= MATERIAL FOR THIS TASK =
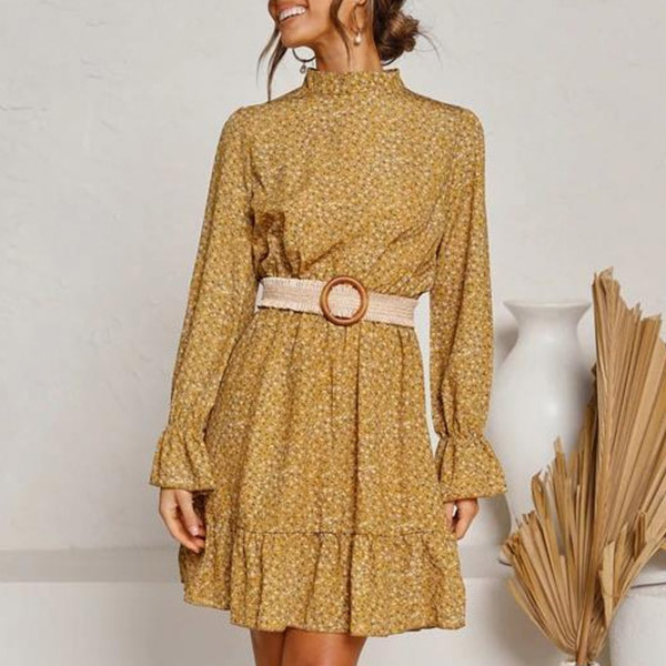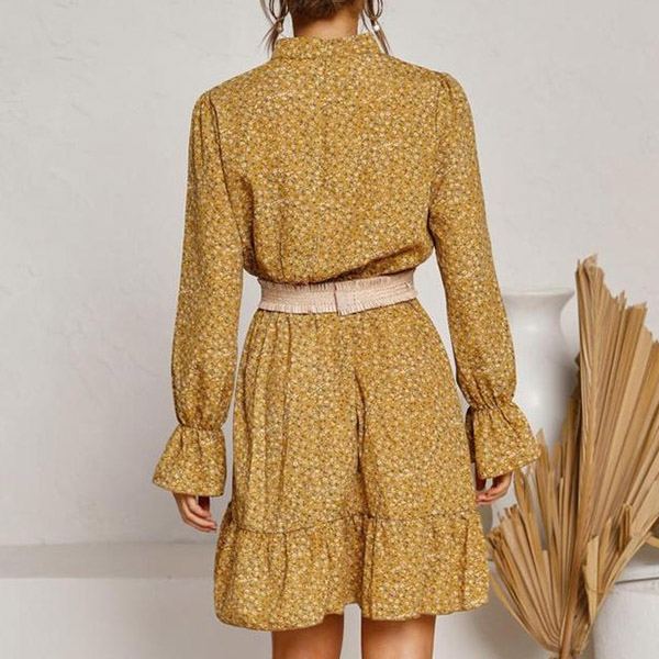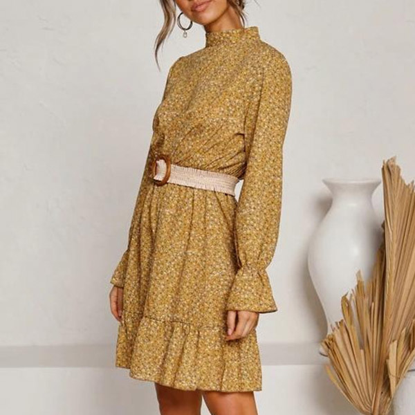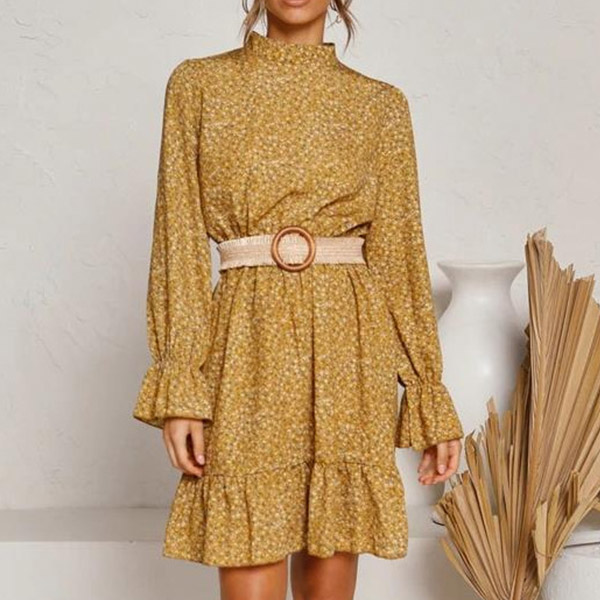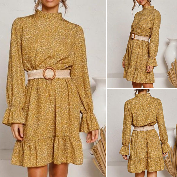 You can easily achieve for a fresh,sweet and charming daily look with the help of this dress. Features vibrant floral print details,finished with long sleeve,mock neck and ruffle hem design,this dress makes it easy for any girl to look effortlessly charming and beautiful.
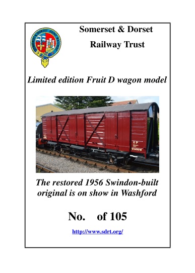 The Trust has now in stock a limited edition 00-gauge model of its own BR 'Fruit D' van which can be seen at our museum in Washford. Our van was built in the mid-1950s to a GWR design.
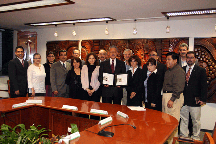 Los Secretarios de la Rectoría y de Administración y Finanzas, al igual que varios funcionarios universitarios, signaron la hoja filatélica que alude al lanzamiento del timbre postal.
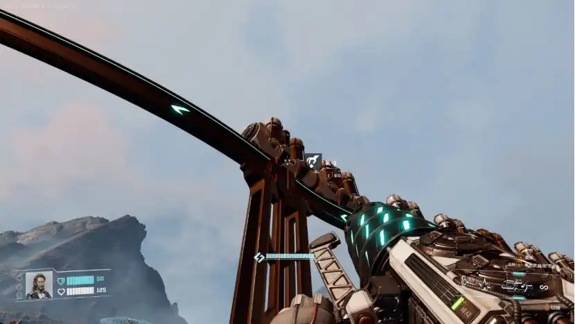 而且最让我吃惊的一点是本作的建筑限高,所有的建筑只能离地超过三格,再高就不允许玩家建造了,而且建筑与建筑之间不能相互交叠,这就导致玩家只能以平面的方式铺开自己的流水线,而且游戏内运输货物的轨道设计的有点抽象,在游戏中我用的最多的就是普通的轨道和十字形分流用的轨道连接器,至于其他的什么三轨、五轨的轨道设计纯属抽风。因为无论是三轨还是五轨分流,最终连接到机器上的只有一根轨道,所以选择多轨道并不会让货运加快。更何况这游戏的运输路线在轨道放下去的那一刻就固定了,甚至在后面如果想更改轨道路线,将原本的轨道拆除后连上新轨道,那条轨道上的货物会卡死在旧轨道和新轨道的连接处,需要人工将卡住的获取拿下来轨道才会重新运行,不然这条运输路线就会被卡住的货物卡死,所以在尝试过多种轨道设计后我摆烂了,直接点对点连接,不管美观了,只要货物能直达就是好运输路线。
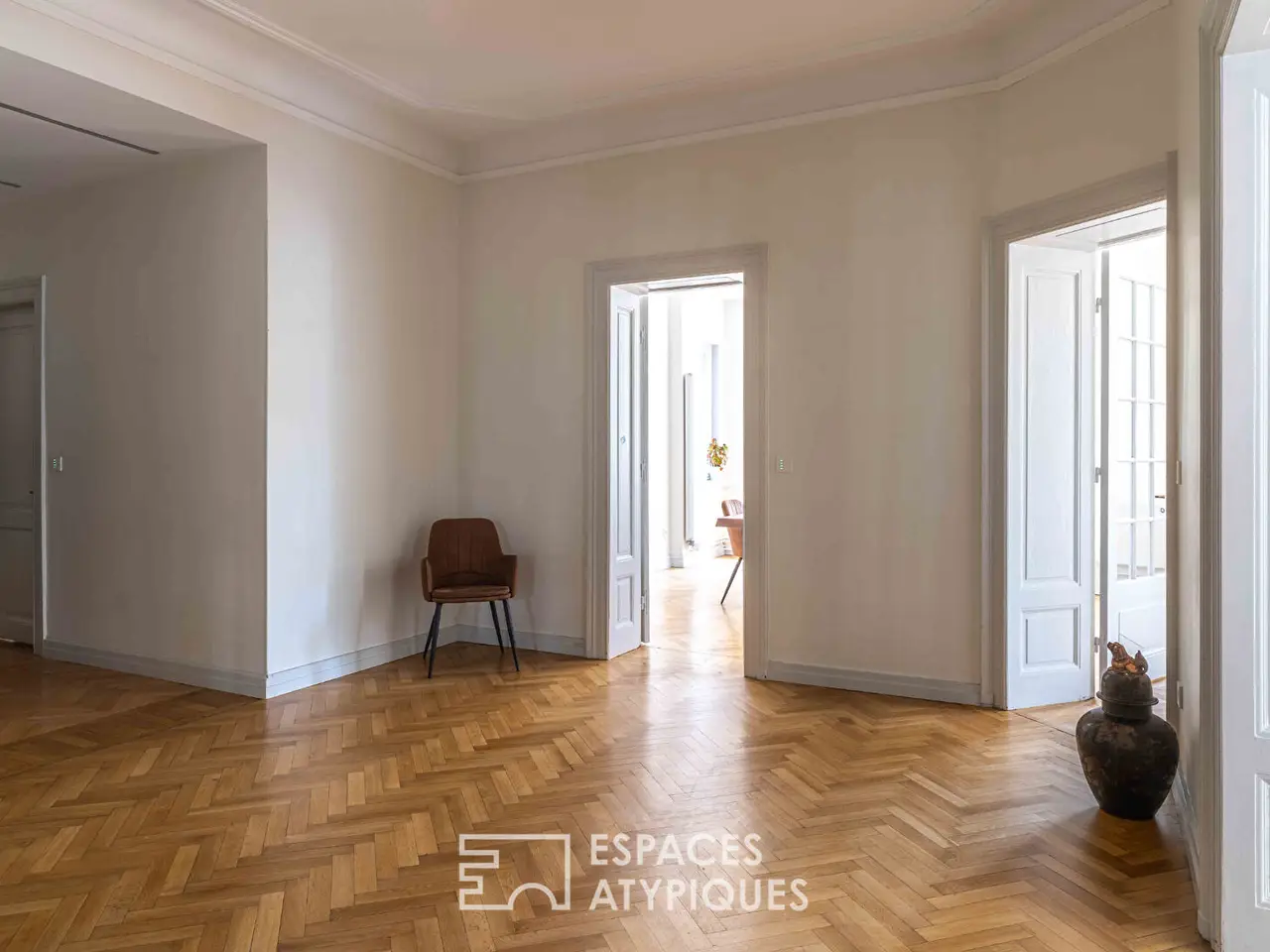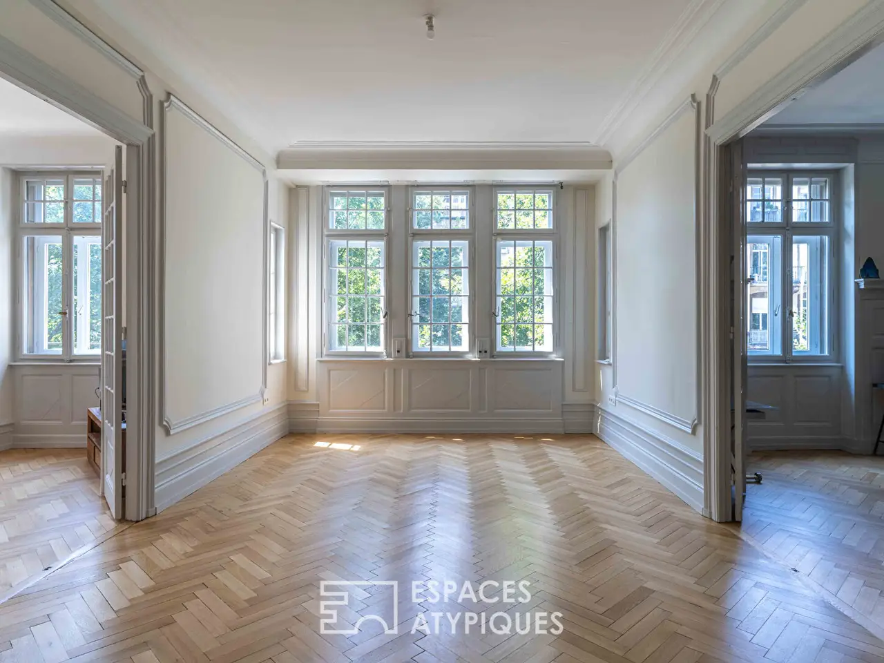 Located in a sought-after area, just a few minutes' walk from the Orangerie and the European institutions, this 246 m2 bourgeois flat is on the first floor with lift of a character building dating from 1910. In 2023, it underwent a meticulous renovation to enhance its many charming features. The entrance hall opens onto a generous hallway that leads to the flat's various rooms, including the double living room, which sets the tone with its solid parquet flooring, mouldings, wood panelling and high ceilings. Completely independent, the kitchen is housed behind superb glass doors whose sleek contemporary lines blend elegantly with the authentic charm of the premises. The room opens onto a terrace that is currently under construction, a rare feature for this type of property. The sleeping area includes a laundry room, a shower room and five spacious bedrooms, all of which boast all the charm of the old reinvented for a contemporary lifestyle. A master suite with its own bathroom with shower and bath completes the night space. Particular attention has been paid to comfort, with the installation of a home automation system. Two cellars and three good-sized bedrooms complete this exceptional property, which will delight lovers of old-world charm. Schools within 10 minutes' walk Bus 2 minutes' walk Motorway access 5 min away REF. 1604Additional information* 8 rooms* 6 bedrooms* 2 bathrooms* Floor : 1* 4 floors in the building* 5 co-ownership lots* Annual co-ownership fees : 8 726 €* Property tax : 3 878 €* Proceeding : NonEnergy Performance CertificatePrimary energy consumptiond : 226 kWh/m2.yearHigh performance housing*A*B*C*226kWh/m2.year49*kg CO2/m2.yearD*E*F*GExtremely poor housing performance* Of which greenhouse gas emissionsd : 49 kg CO2/m2.yearLow CO2 emissions*A*B*C*49kg CO2/m2.yearD*E*F*GVery high CO2 emissionsEstimated average amount of annual energy expenditure for standard use, established from energy prices for the year 2021 : between 3080 € and 4200 €Agency feesThe fees include VAT and are payable by the vendorMediatorMediation Franchise-Consommateurswww.mediation-franchise.com29 Boulevard de Courcelles 75008 ParisInformation on the risks to which this property is exposed is available on the Geohazards website : www.georisques.gouv.fr
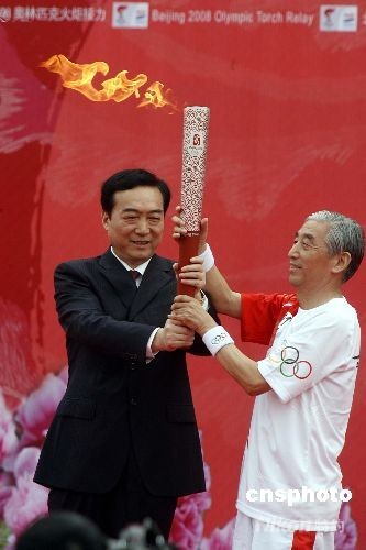 7月27日,河南省委副書記陳全國(guó)將火炬交于河南洛陽(yáng)第一棒火炬手張海(右)手中,張海是當(dāng)代中國(guó)書法掌門人。當(dāng)日,北京奧運(yùn)接力到河南省洛陽(yáng)市。中新社發(fā) 慎重 攝
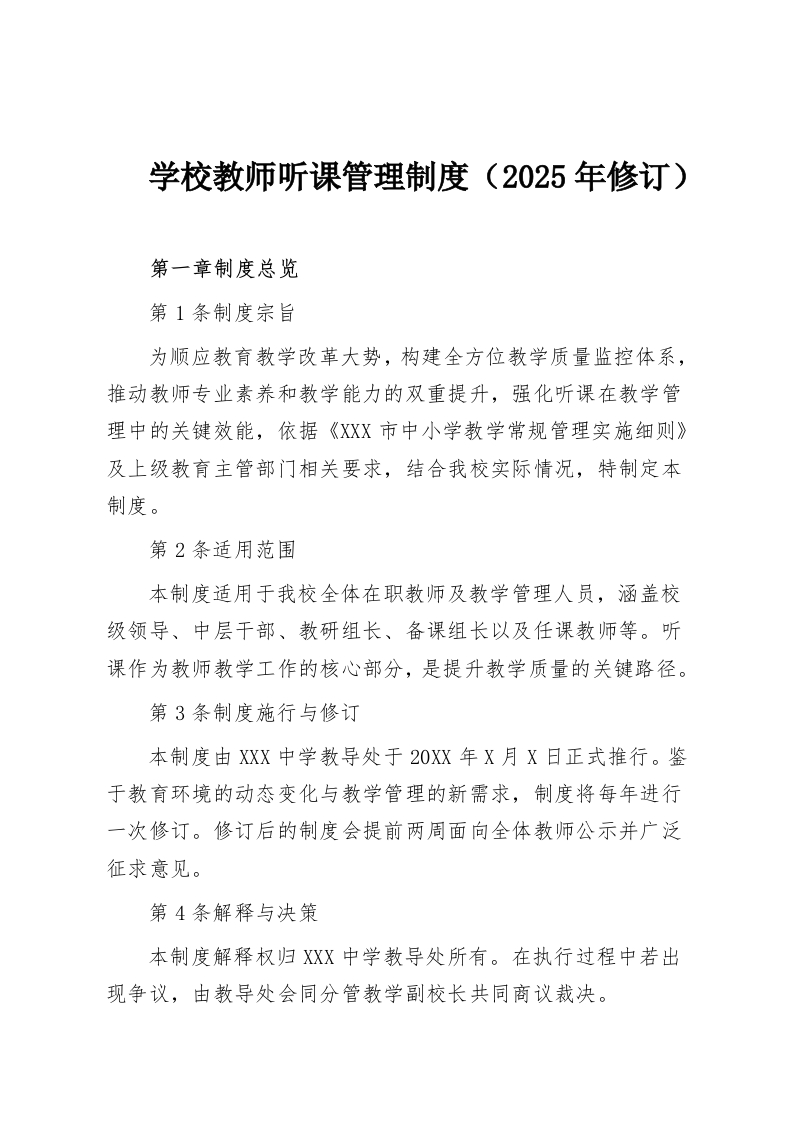 学校教师听课管理制度(2025年修订)第一章制度总览第1条制度宗旨为顺应教育教学改革大势,构建全方位教学质量监控体系,推动教师专业素养和教学能力的双重提升,强化听课在教学管理中的关键效能,依据《XXX市中小学教学常规管理实施细则》及上级教育主管部门相关要求,结合我校实际情况,特制定本制度。第2条适用范围本制度适用于我校全体在职教师及教学管理人员,涵盖校级领导、中层干部、教研组长、备课组长以及任课教师等。听课作为教师教学工作的核心部分,是提升教学质量的关键路径。第3条制度施行与修订本制度由XXX中学教导处于20XX年X月X日正式推行。鉴于教育环境的动态变化与教学管理的新需求,制度将每年进行一次修订。修订后的制度会提前两周面向全体教师公示并广泛征求意见。第4条解释与决策本制度解释权归XXX中学教导处所有。在执行过程中若出现争议,由教导处会同分管教学副校长共同商议裁决。

= INSTRUCTIONS TO FOLLOW =
The expected output is an exact copy of the lines from the top of the data above through the line containing "Los Secretarios de", both included, with every picture omitted.

= SOLUTION TO THIS PROBLEM =
 You can easily achieve for a fresh,sweet and charming daily look with the help of this dress. Features vibrant floral print details,finished with long sleeve,mock neck and ruffle hem design,this dress makes it easy for any girl to look effortlessly charming and beautiful.
 The Trust has now in stock a limited edition 00-gauge model of its own BR 'Fruit D' van which can be seen at our museum in Washford. Our van was built in the mid-1950s to a GWR design.
 Los Secretarios de la Rectoría y de Administración y Finanzas, al igual que varios funcionarios universitarios, signaron la hoja filatélica que alude al lanzamiento del timbre postal.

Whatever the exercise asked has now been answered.